The MQM chief should not fear the law taking its course
Something serious is up the world of the Muttahida Qaumi Movement (MQM), when its founder chief Altaf Hussain resigns and then withdraws the resignation tendered to himself. Most of the furore has been over the murder of Dr Imran Farooq, one of the founders of the MQM, in London on September 16, 2010. Had the murder been in Pakistan, it would have gone unnoticed as the dozens of murders do every day in Karachi, but this one fell to London’s Metropolitan Police. The pressure on the MQM from within and abroad was spiked up after general elections in Pakistan in May. As a result, the MQM chief was alleged to have hurled threats at various Pakistani politicians and media officials and a reported thousands of phone calls were made to the Metropolitan Police complaining about remarks made by the Pakistani citizen being “sheltered in the UK.”
Altaf may have had good reason to have taken refuge in the UK after the operations against the MQM in 1993, confident that the party’s activities in Pakistan would not have a bearing on both his safety and his ability to control the fierce party workers from afar. But then it was only going to be so if the spate of violence on the streets of Karachi did not come home to London. Dr Farooq’s murder transgressed the boundary and the MQM chief himself began to fall under the purview. Last week when the Metropolitan Police’s Counter Terrorism Command Unit searched Hussain’s North West London house for 55 hours and confiscated a number of important documents. The British police was investigating evidence that Dr Farooq’s murder was by members of his own party as he was known to be in discussions to break away and start his own political career.
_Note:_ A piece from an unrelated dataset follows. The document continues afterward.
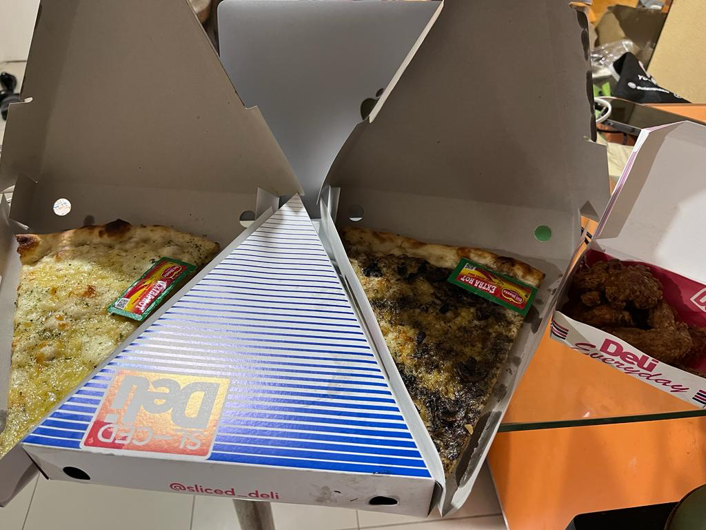Ceritanya ngga sengaja nyari pizza yang potongan gitu, soalnya males makan banyak dengan satu rasa. Kalau sliced kan bisa nyobain semua. Karena pilihan non dagingnya banyak dan menarik, pesanlah beberapa. Per potong 20-an, bahkan ada yg 19 ribu. Begitu datang lewat Gofood, lah kok gede-gede. Tipis, topping full, wangi pula. Enak-enak semua sih. Kalu mau dispill tempatnya, saya nyari juga ngga dapet 😀 Satu-satunya petunjuk di packingnya, coba ke IG @sliced_deli ya.

Speaking to the MQM supporters at ‘90’ on telephone, Altaf said he was voluntarily relinquishing party leadership, a decision that shocked even those that do not support the party. He said the raid had questioned his “moral authority as a leader of millions” and he had to “voluntarily step down.” He said he would fight his case himself if a court of law took up the matter. However, those who thought the move was a gimmick got more credence when the MQM chief took back his resignation on Sunday morning, stating, ““I may not be the chief in the eyes of Britain, but I am the chief in the eyes of party workers.” For the raid in England, he appeared to blame the Pakistani establishment and himself demanded justice for Dr Farooq. The good thing is that Altaf Hussain appears to have realized the seriousness of the murder and has stated he is willing to defend himself in court. Hussain definitely knows how to respond when put in a corner and has shown that by resigning and taking back the resignation on the insistence of the MQM rank and file, his support in Pakistan is still intact. The question, however, is: if his party is not involved in Dr Farooq’s murder, why should the MQM chief fear the law taking its course?